The second issue is perhaps the simplest to solve, but it’s still not the easiest thing in the world. Flexibility in the workplace means more than just allowing for employees to telecommute, because it also means empowering employees to create a healthier work-life balance that allows them to combat burnout to ensure long-term performance. Employees want to retain the autonomy over their work environment that they obtained during the pandemic, and skilled employees are far more likely to test the waters of the labor market if they are not afforded that autonomy. Employers need to adapt to the new demands of the labor market, and part of that concession will be allowing for greater flexibility on where, when, and how employees do their work.

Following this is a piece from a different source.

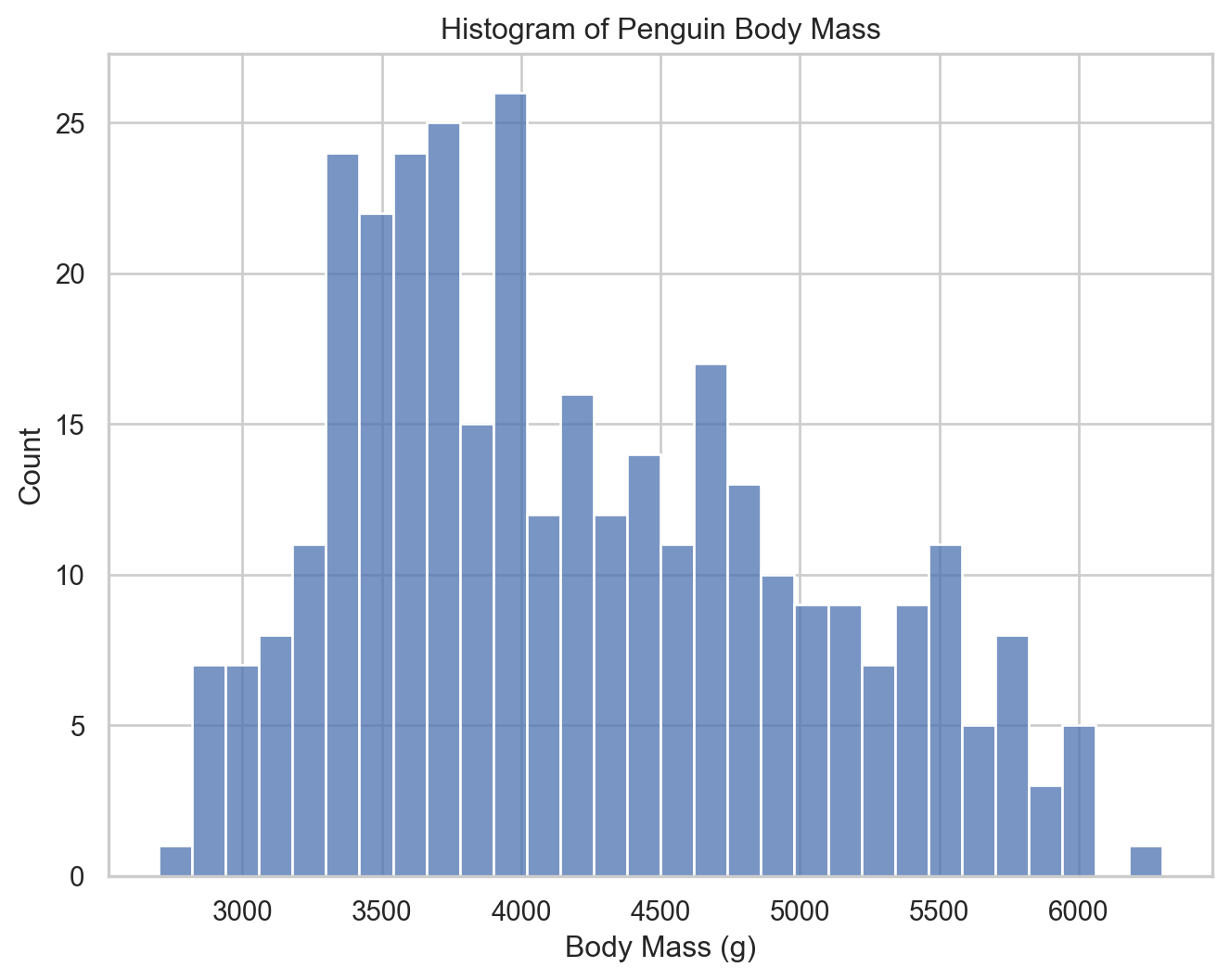 penguins.head()| species | island | bill_length_mm | bill_depth_mm | flipper_length_mm | body_mass_g | sex | year | |

Increasing automation in cybersecurity can help in both regards by eliminating repetitive and menial work that staff simply do not find rewarding or that may be unnecessarily taxing. This approach is also advantageous in terms of decreasing the need for a large cyber/IT workforce focused on the mundane. This is a boon for both employees and employers as it has the short-term effect of freeing up employee time to facilitate professional growth in new directions while also having long-term efficiency benefits for the employer.
All in all, the Great Resignation is an ongoing phenomenon that will eventually be a case study in economic journals everywhere. It’s a rapid change from the status-quo of pre-pandemic times, and only the future will tell how long these new market conditions last. In the short-to-medium term outlook, though, there remains a vast disparity in the number of jobs available and workers willing to work them; meaning that at least for the next year, it will be a worker’s market.